*** Opening of Raw data ***

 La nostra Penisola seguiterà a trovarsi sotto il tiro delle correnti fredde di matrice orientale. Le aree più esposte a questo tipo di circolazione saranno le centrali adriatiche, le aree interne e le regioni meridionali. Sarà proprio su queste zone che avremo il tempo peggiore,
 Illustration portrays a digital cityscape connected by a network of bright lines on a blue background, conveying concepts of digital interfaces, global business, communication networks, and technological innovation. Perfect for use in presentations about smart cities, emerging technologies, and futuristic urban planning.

*** Close of Raw data ***
*** Opening of Raw data ***

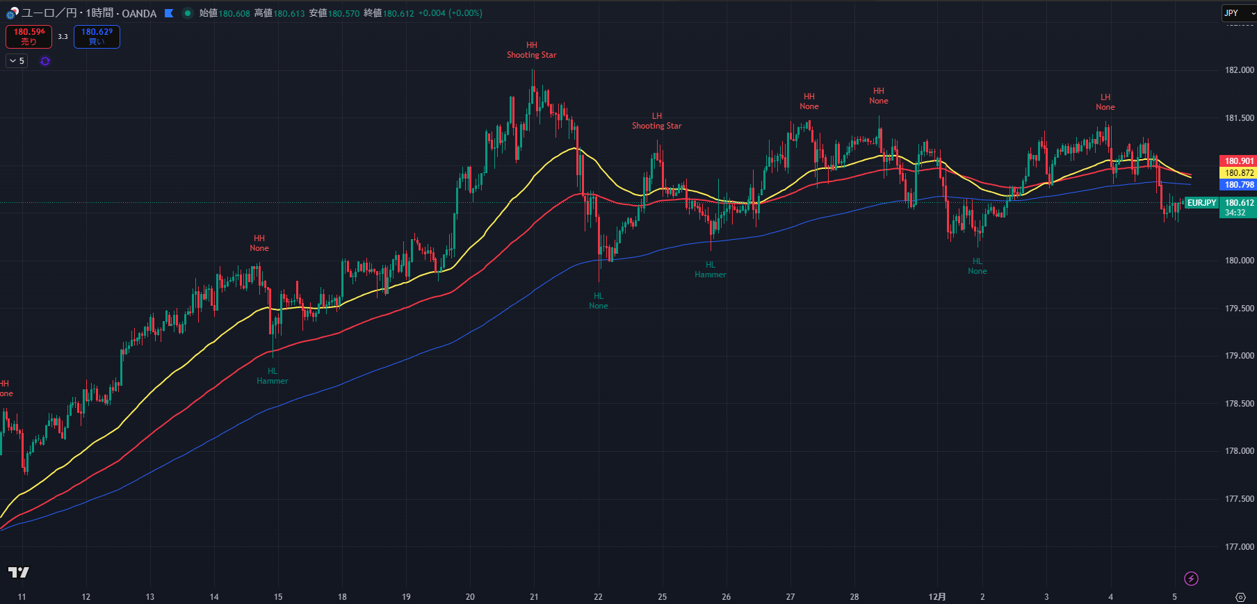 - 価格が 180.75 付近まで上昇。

*** Close of Raw data ***
*** Opening of Raw data ***

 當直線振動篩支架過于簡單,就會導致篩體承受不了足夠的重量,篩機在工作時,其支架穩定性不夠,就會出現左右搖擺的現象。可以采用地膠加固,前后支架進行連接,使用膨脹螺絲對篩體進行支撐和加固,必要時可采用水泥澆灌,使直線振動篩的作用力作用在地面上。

*** Close of Raw data ***

Reproduce exactly the lines above from the line with "La nostra Penisola" to the line with "Illustration portrays a", including both, and add nothing.

### Result
 La nostra Penisola seguiterà a trovarsi sotto il tiro delle correnti fredde di matrice orientale. Le aree più esposte a questo tipo di circolazione saranno le centrali adriatiche, le aree interne e le regioni meridionali. Sarà proprio su queste zone che avremo il tempo peggiore,
 Illustration portrays a digital cityscape connected by a network of bright lines on a blue background, conveying concepts of digital interfaces, global business, communication networks, and technological innovation. Perfect for use in presentations about smart cities, emerging technologies, and futuristic urban planning.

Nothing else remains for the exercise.